◆ Listed records
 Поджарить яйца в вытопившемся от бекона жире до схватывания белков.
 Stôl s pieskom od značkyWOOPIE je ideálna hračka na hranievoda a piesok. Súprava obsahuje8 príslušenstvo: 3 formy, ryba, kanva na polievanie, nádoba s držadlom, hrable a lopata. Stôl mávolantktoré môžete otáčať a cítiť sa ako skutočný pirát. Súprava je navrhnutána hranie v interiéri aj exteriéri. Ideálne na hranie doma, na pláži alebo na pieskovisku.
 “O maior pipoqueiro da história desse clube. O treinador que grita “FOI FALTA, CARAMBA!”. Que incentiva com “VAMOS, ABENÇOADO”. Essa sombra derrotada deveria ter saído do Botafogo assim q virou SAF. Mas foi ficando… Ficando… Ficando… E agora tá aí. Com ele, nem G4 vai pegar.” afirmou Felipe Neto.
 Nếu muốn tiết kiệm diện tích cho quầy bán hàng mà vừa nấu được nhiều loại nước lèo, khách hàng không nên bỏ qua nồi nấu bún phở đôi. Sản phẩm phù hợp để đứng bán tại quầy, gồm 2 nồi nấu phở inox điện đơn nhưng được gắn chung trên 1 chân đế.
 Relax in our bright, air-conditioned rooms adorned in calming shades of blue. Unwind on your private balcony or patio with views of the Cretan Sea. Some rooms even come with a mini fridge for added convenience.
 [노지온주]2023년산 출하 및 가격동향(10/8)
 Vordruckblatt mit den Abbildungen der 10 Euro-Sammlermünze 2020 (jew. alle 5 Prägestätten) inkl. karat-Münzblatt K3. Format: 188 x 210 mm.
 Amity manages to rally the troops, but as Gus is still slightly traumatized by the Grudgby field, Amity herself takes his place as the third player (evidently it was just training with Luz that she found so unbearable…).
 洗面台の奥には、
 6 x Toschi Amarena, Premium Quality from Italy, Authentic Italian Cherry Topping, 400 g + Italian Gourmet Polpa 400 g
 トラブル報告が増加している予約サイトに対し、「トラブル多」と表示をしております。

◆ Task statement
Every line in the listing that holds "with" belongs in the answer.

◆ Solved problem
 Relax in our bright, air-conditioned rooms adorned in calming shades of blue. Unwind on your private balcony or patio with views of the Cretan Sea. Some rooms even come with a mini fridge for added convenience.
 Amity manages to rally the troops, but as Gus is still slightly traumatized by the Grudgby field, Amity herself takes his place as the third player (evidently it was just training with Luz that she found so unbearable…).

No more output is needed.